In the final analysis, relatively unexamined approaches to lowering motor vehicle emissions are likely to be more cost-effective than methanol. Other types of alternate fuels, particularly compressed natural gas and reformulated gasoline—the latter is currently being pushed in the debate over the Clean Air Act—may reduce emissions at a lower cost. Advances in catalytic converter technologies, such as an electrically heated catalyst that controls emissions from a car while it is warming up, are expected to cost very little. Early test results show VOC and other emissions at near zero in gasoline and methanol vehicles equipped with such catalysts. Programs to purchase and retire 15 percent of the most polluting cars and trucks could reduce VOC emissions by 30 percent, and programs to help enforce vehicle exhaust standards through the automatic measurement of vehicle emissions at expressway entrances, and subsequent prosecution of violators, might also be cost-effective. Finally, a growing number of atmospheric chemists believe that measures focusing on reducing nitrogen oxides instead of VOCs may be a more productive means of reducing ambient ozone levels in some cities.
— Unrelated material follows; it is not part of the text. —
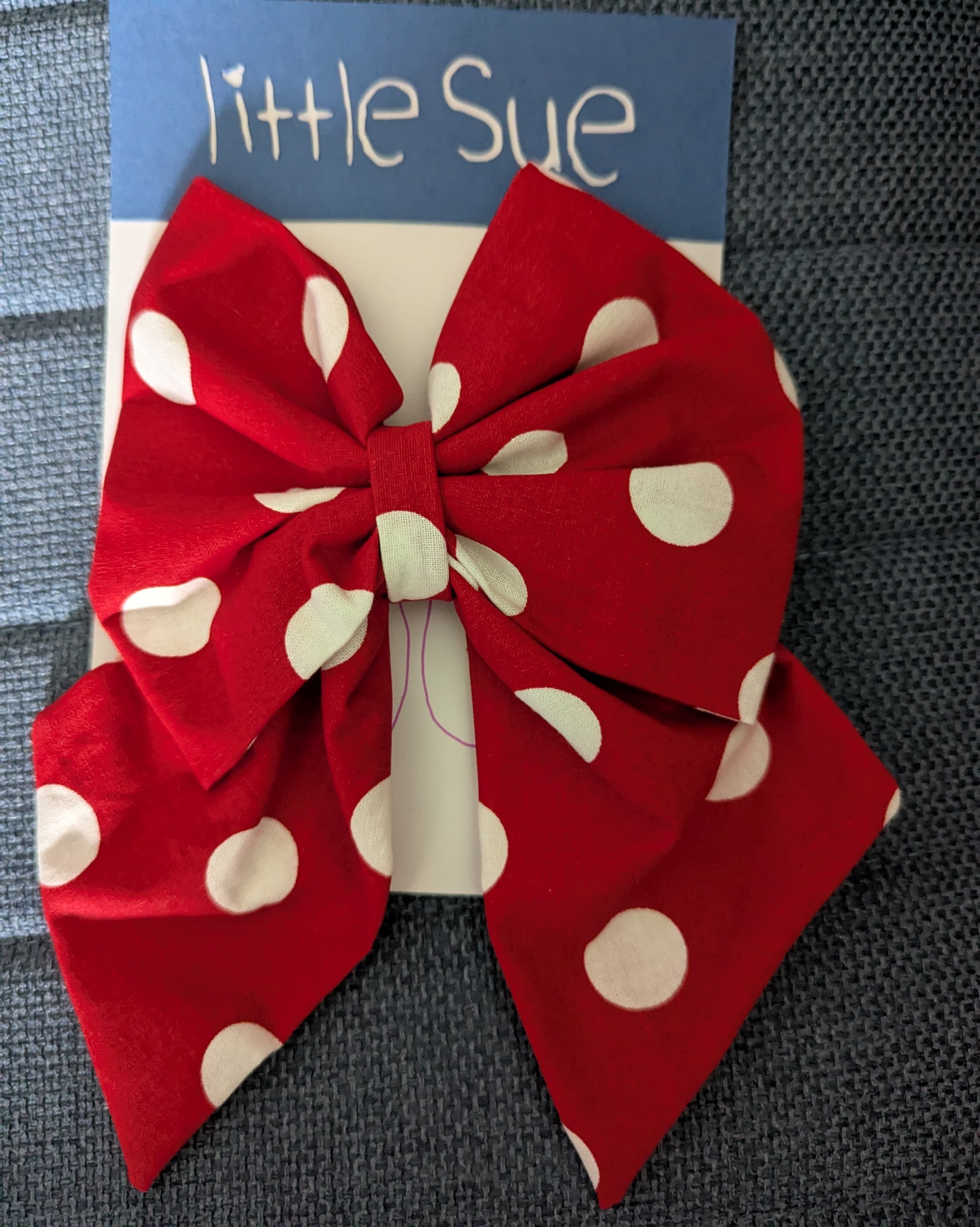 This large red bow with white dots is the perfect addition to any outfit. Made from high-quality fabric, it features a secure alligator clip to keep it in place. Add a touch of charm and style with this beautifully designed bow that will make you stand out everywhere you go.

Ultimately, comprehensive cost-effectiveness analyses are needed to identify whether the national ambient ozone standard can be met at lower costs than by substituting methanol vehicles for gasoline vehicles. While the results of the RFF study indicate that using methanol vehicles is more costly than other approaches to ozone reduction, a comprehensive analysis of a number of relatively unexplored strategies could suggest more cost-effective ways to meet the ozone standard.